At the beginning of the COVID-19 pandemic, the DEA and all 50 states temporarily suspended safeguards for telehealth treatment for opioid use disorder. This meant that patients struggling with opioid use disorder were able to access much needed treatment without having to see a doctor in person. Out-of-state physicians were even allowed to prescribe medication, a practice typically prohibited by medical boards.
These temporary telehealth expansions eliminated common barriers to addiction treatment, such as a shortage of health care providers, lack of transportation for patients, and a suspended driver’s license. However, because these allowances were tied to state or federal states of emergencies, once states go back to normal, the requirements for seeing a doctor in person in order to obtain a prescription will be reinstated.
The Telehealth Debate
These requirements are necessary to protect against prescription drug abuse, according to some clinicians and regulators. It was lax regulatory oversight in the 1990s that allowed painkiller pill mills to form and flourish, fueling the first opioid epidemic. The opposing argument holds that tightening regulations will make it more difficult for patients to fight their opioid addiction.

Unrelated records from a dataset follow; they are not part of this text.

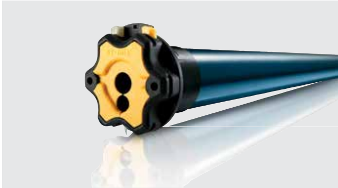
SOMFY TUBULAR MOTOR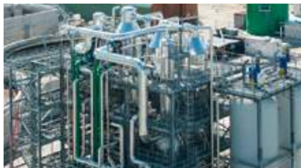
CHEMICAL PLANT - IBP - CRESCENTINO (VC) - ITALY - 2013/14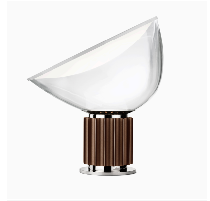
F6602046 Anodized Bronze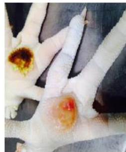
Fail (paws without cuticle) Ulceration is present and the lesion is more than 1/2 the area of the foot pad. Swelling of the foot pad is also visible.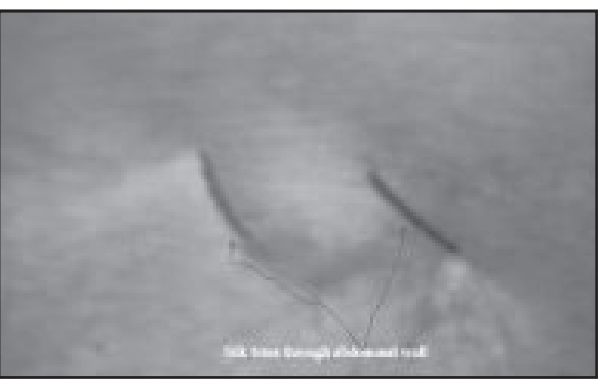
Fig.-2b: Silk bites seen on the inner aspect of abdominal wall

Ovarian Cystectomy: Patient positioning, monitor and ports placement, surgeon and assistant positions were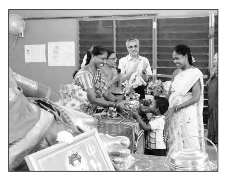
One of the best babies that won prize as 'best breast-fed' baby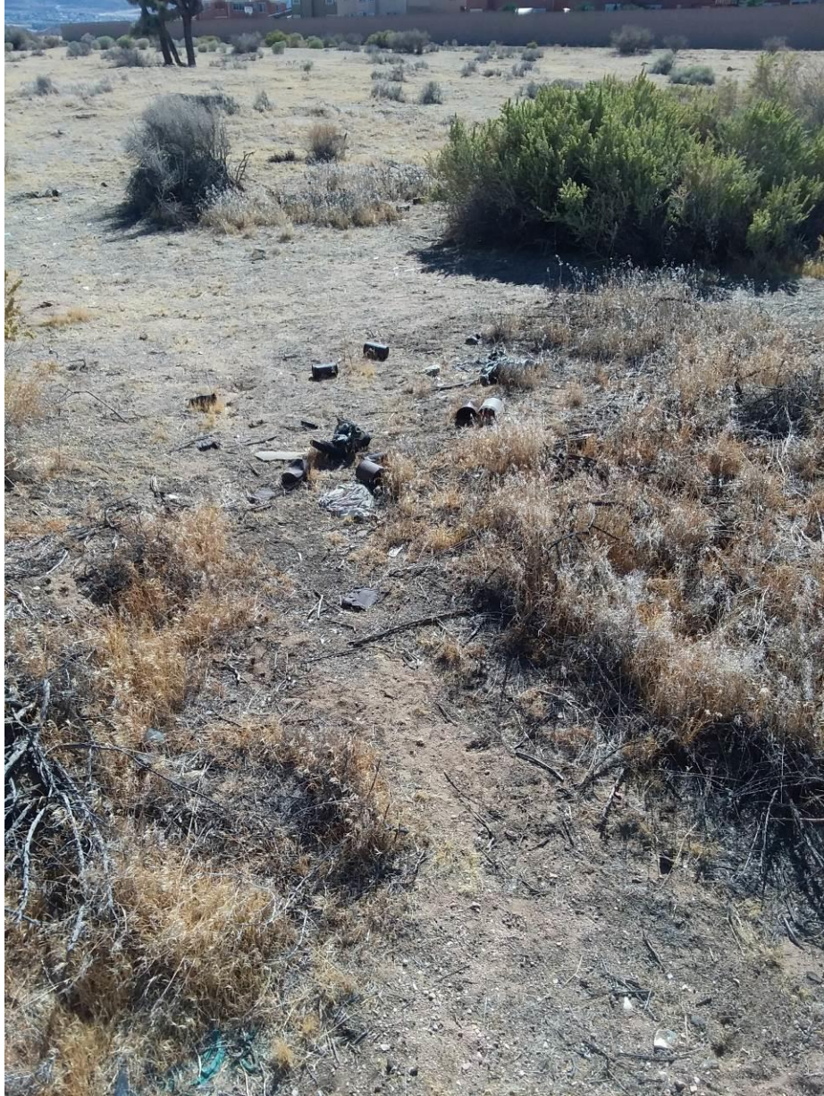
Figure 4 R-1, Trash Scatter, View towards the Southwest

This controversy makes virtual prescribing of controlled medication a top telehealth concern, putting policymakers in a corner.
In an NPR article, Courtney Joslin, a resident fellow at the R Street Institute said, “You have people who are really in need of this and telehealth could really help them. On the other end, you do have that hesitancy because of the pill mill problem, previously, [so] you could have some abuse from both patients and providers using telehealth to get controlled substances.”
The Rise of Telehealth
Telehealth is estimated to have grown 38 times since the beginning of the pandemic, leading to numerous state and federal legislative proposals regulating telehealth.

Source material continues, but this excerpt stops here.